Macroscopic Na+ currents from transfected cells were recorded using the whole-cell configuration of patch-clamp technique.22 Cells with currents no larger than 6 nA were clamped with an Axopatch 200 patch-clamp amplifier using low-resistance electrodes and typical series resistance compensation of >80% that minimized voltage-clamp errors. Membrane currents were filtered at 5 kHz and digitized with 12-bit resolution. In all experiments, recording was begun 10 minutes after whole-cell access was attained with the exception of the CaM-K inhibitor experiments where recording was begun 15 minutes after patch rupture to ensure stabilization of the time-dependent shift in gating.
Solutions and Reagents
The patch pipette contained (in mmol/L) 35 NaCl, 105 CsCl, and 10 Cs-HEPES (pH 7.3) with no Ca2+ buffering. All of the experiments were initially performed using 105 mmol/L CsF in the pipette; however, due to possible confounding effects on phosphorylation reactions and Ca2+ buffering, the experiments were repeated with the CsCl-containing intracellular solution. No differences in the response to CaM overexpression were observed with the different pipette solutions. All of the data reported in the text and in the tables were obtained using CsCl with the exception of experiments in C2C12 cells, where CsF data are reported.

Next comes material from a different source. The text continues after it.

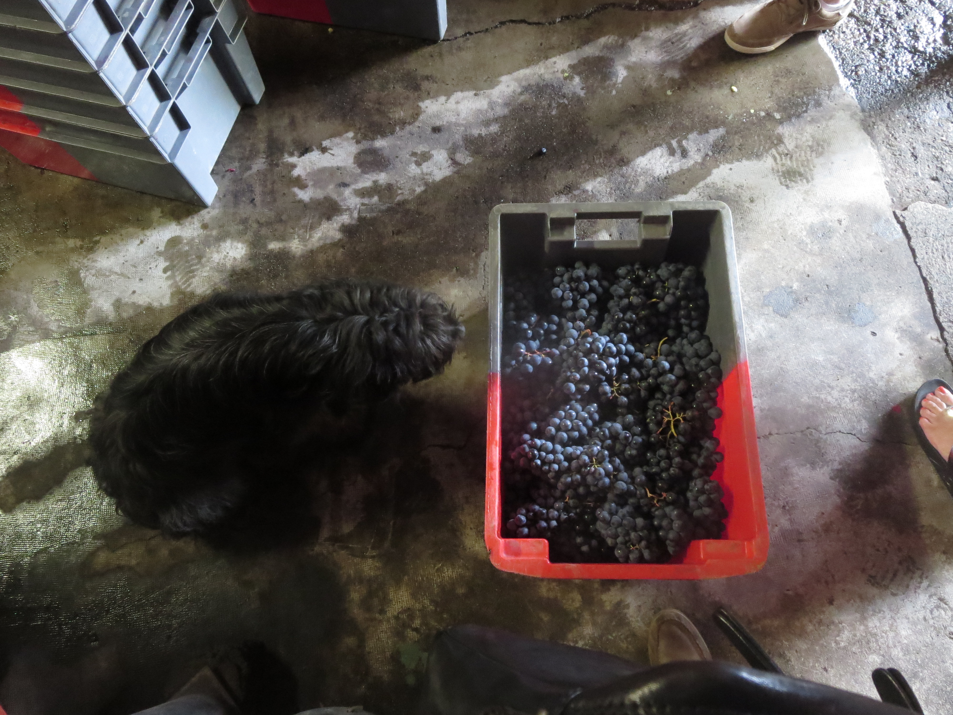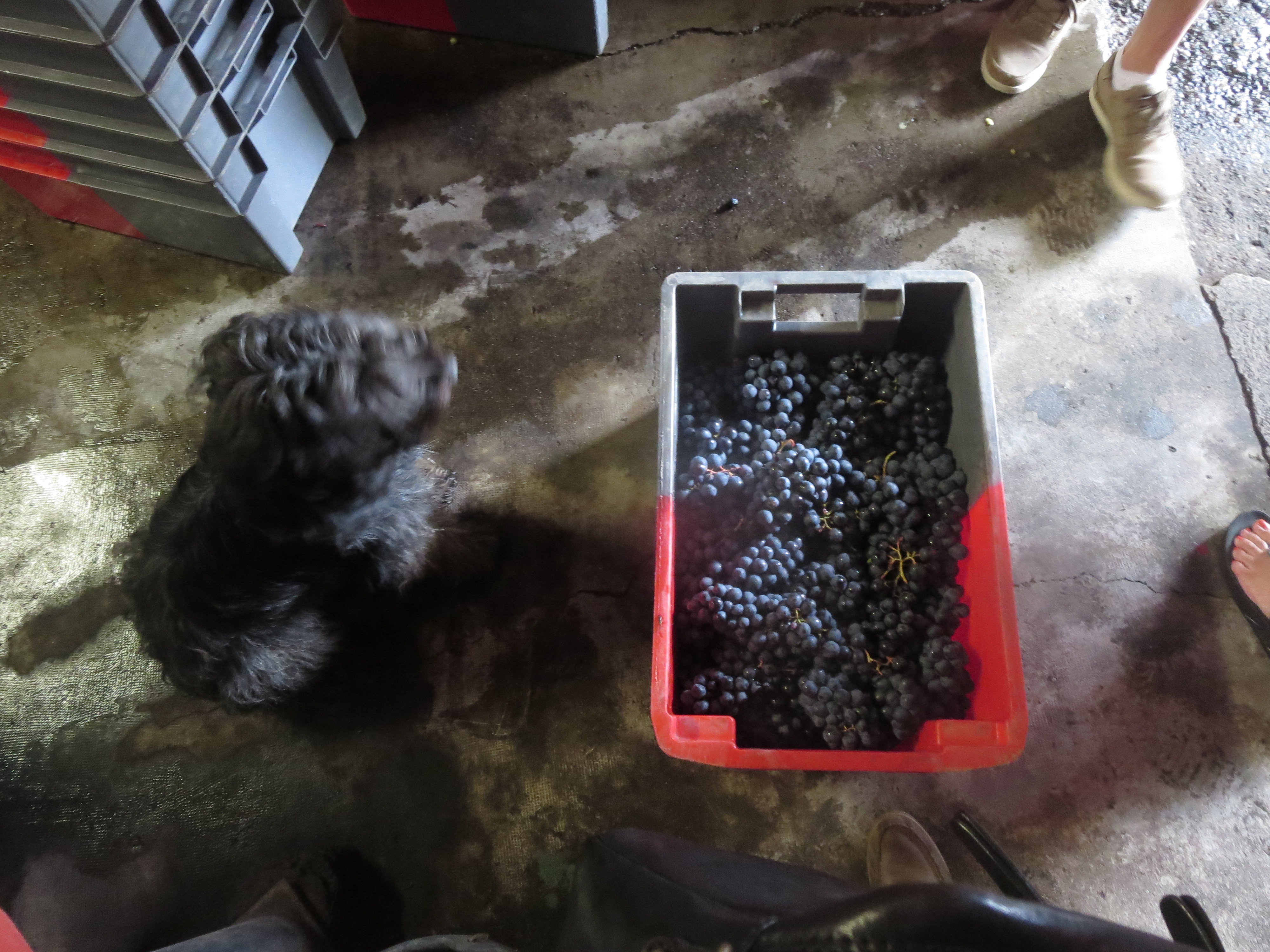 Saturday 29th was a work day for the cellar and the pickers and saw the harvesting of Cinsault grapes from my favourite vineyard, Rome. The grapes were big and juicy though some were uneven and needed more careful sorting. Clearly these were precious grapes as Icare was guarding and watching over them assiduously. The harvest was not as big as many years and so the pickers moved onto Sainte Suzanne again for more Syrah grapes whilst yesterday’s grapes have begun to ferment already.
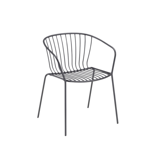 Stuhl Amitha Grau mit Armlehne – Ein eleganter, stapelbarer Metallstuhl mit Armlehne für den Außenbereich, ideal für stilvolle Gärten und Terrassen.

For the experiments with 504 nmol/L free Ca2+, 5 mmol/L BAPTA and 3.7 mmol/L CaCl2 were added to the patch pipette. For the experiments with no free Ca2+, 10 mmol/L BAPTA was added to the pipette solution and 0.1 mmol/L EGTA was added to the bath solution. The bath solution contained (in mmol/L) 150 NaCl, 2 KCl, 2 CaCl2, 1 MgCl2, 10 glucose, and 10 Na-HEPES (pH 7.4). The CaM-K inhibitor KN-93 (Calbiochem) and the inactive analog, KN-92, were added to the patch pipette at concentrations of 10 μmol/L. KN-92 and KN-93 were dissolved in DMSO (10 mmol/L stock solution); the final concentration of DMSO was 0.1%, which had no significant effect on the currents (data not shown). The CaM-KII–specific inhibitor, AIP (Calbiochem) was added to the pipette solution at 100 nmol/L. Experiments were performed at room temperature, 22°C to 23°C.
Fusion proteins of the μ1 and hH1 carboxyl termini containing the IQ motif and the mutated motif IQ/AA were constructed in pGEX using the glutathione S-transferase (GST) Gene Fusion System (Pharmacia). The Na+ channel-specific sequences of the fusion peptides were μ1 (residues 1689 to 1742): ALKQTMEEKFMAANPSKVSYEPITTTLKRKQEEVCAIKIQRAYRRHLLQRSVKQ and hH1 (residues 1870 to 1923): ALKIQMEEKFMAANPSKISYEPITTTLRRKHEEVSAMVIQRAFRRHLLQRSLKH, where the underlined amino acids were changed to alanines in the IQ/AA mutants. Proteins were produced and purified according to the manufacturer’s instructions. Pull-down assays were performed by mixing 10 μg (1:1 molar ratio of NaIQ:CaM) or 30 μg (3:1 molar ratio of NaIQ:CaM) of each fusion protein with glutathione beads (70 μL). Binding of the beads to the GST-tagged fusion proteins was performed by incubating for 30 minutes at 4°C in solution A consisting of 25 mmol/L Tris, pH 7.6, and 1 mmol/L CaCl2. After a brief centrifugation, the supernatants were removed and the beads were mixed and incubated with solution A in the absence and presence of CaM for 2 hours at 4°C. The mixtures were washed and spun briefly. Then the proteins bound to the beads were eluted with SDS-Page 2X sample buffer (70 μL) and 30 μL of each sample was run on a 12.5% gel SDS-PAGE gel. After transfer to PVDF membranes CaM was detected by an anti-CaM monoclonal antibody (Upstate Biotechnology) and a horse radish peroxidase-linked secondary antibody.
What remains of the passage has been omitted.